SOURCE DATA:

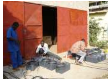
وكهربة المناطق الريفية
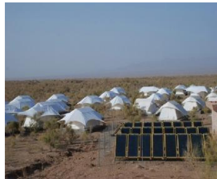
شکل ۳: تصویر ساختمان و چادرهای اکوکمپ
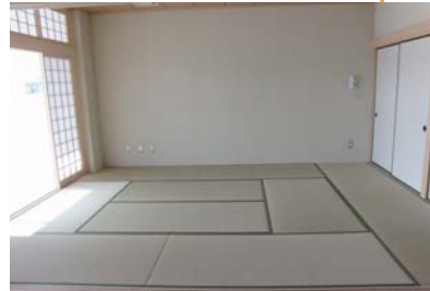
着付教室や集会に適した和室仕様の活動室
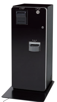
CBPM01-2 一枚挿入排出 黒 あり

メインユニットと連結してキャビネットなしでお使いいただけます。紙幣の一括挿入排出タイプと一枚ごと挿入排出タイプがあります。
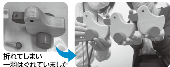
折れてしまい一羽はぐれていました

ボランティアグループ「おもちゃライブラリー」の活動内で使用するおもちゃを修理していただきました。依頼の翌日には修理されて戻ってきて、あまりの早い対応におもちゃライブラリーのスタッフも大変喜ばれていました。
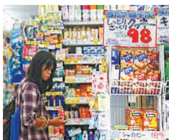
▲9月30日，一名女子在日本東京一家藥妝店內購物

赴日。今年上半年訪日外籍觀光客來自中國比去年同期大幅增長，消費也創新高紀錄。因此，業界很期待免稅制度的施行，為業界創造新的契機。
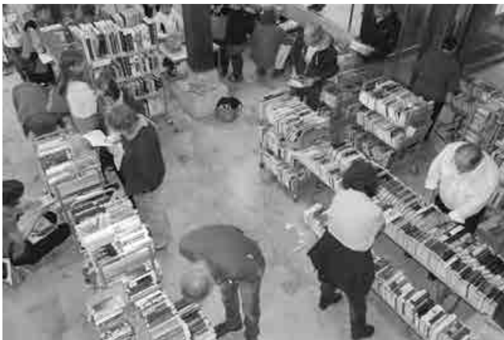
Die Stadtbücherei in der Steinscheuer lädt am verkaufsoffenen Sonntag zu einem Tag der offenen Tür mit Medienflohmarkt, Kinderprogramm und Kuchenbuffet ein.

Dienstag, 18. Oktober Kreativer Kindertanz ab 4 Jahren, 15.30 – 16.15 Uhr, 1 Halbjahr, Kursgebühr 19 Euro monatlich, Kurs-Nr. 162279 Toben Tanzen Träumen – Kindertanz ab 4 Jahren, 16.30 – 17.30 Uhr, 1 Halbjahr, Kursgebühr 82 Euro, Kurs-Nr. 162280 Kreativer Tanz/Hip-Hop ab 7 Jahren, 16.30 – 17.30 Uhr, 1 Halbjahr, Kursgebühr 82 Euro, Kurs-Nr. 162281 Hip-Hop ab 10 Jahren, 17.30 – 18.30 Uhr, 1 Halbjahr, Kursgebühr 82 Euro, Kurs-Nr. 162282 Street Dance ab 13 Jahren, 18.30 – 19.30 Uhr, 1 Semester,
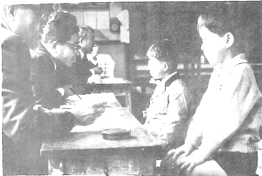
新入学児のテスト風景 (重富小学校にて)

REQUIRED WORK:
The answer is the entries above, given again exactly, with no pictures among them.

OUTPUT FOR THIS TASK:
وكهربة المناطق الريفية
شکل ۳: تصویر ساختمان و چادرهای اکوکمپ
着付教室や集会に適した和室仕様の活動室
CBPM01-2 一枚挿入排出 黒 あり

メインユニットと連結してキャビネットなしでお使いいただけます。紙幣の一括挿入排出タイプと一枚ごと挿入排出タイプがあります。
折れてしまい一羽はぐれていました

ボランティアグループ「おもちゃライブラリー」の活動内で使用するおもちゃを修理していただきました。依頼の翌日には修理されて戻ってきて、あまりの早い対応におもちゃライブラリーのスタッフも大変喜ばれていました。
▲9月30日，一名女子在日本東京一家藥妝店內購物

赴日。今年上半年訪日外籍觀光客來自中國比去年同期大幅增長，消費也創新高紀錄。因此，業界很期待免稅制度的施行，為業界創造新的契機。
Die Stadtbücherei in der Steinscheuer lädt am verkaufsoffenen Sonntag zu einem Tag der offenen Tür mit Medienflohmarkt, Kinderprogramm und Kuchenbuffet ein.

Dienstag, 18. Oktober Kreativer Kindertanz ab 4 Jahren, 15.30 – 16.15 Uhr, 1 Halbjahr, Kursgebühr 19 Euro monatlich, Kurs-Nr. 162279 Toben Tanzen Träumen – Kindertanz ab 4 Jahren, 16.30 – 17.30 Uhr, 1 Halbjahr, Kursgebühr 82 Euro, Kurs-Nr. 162280 Kreativer Tanz/Hip-Hop ab 7 Jahren, 16.30 – 17.30 Uhr, 1 Halbjahr, Kursgebühr 82 Euro, Kurs-Nr. 162281 Hip-Hop ab 10 Jahren, 17.30 – 18.30 Uhr, 1 Halbjahr, Kursgebühr 82 Euro, Kurs-Nr. 162282 Street Dance ab 13 Jahren, 18.30 – 19.30 Uhr, 1 Semester,
新入学児のテスト風景 (重富小学校にて)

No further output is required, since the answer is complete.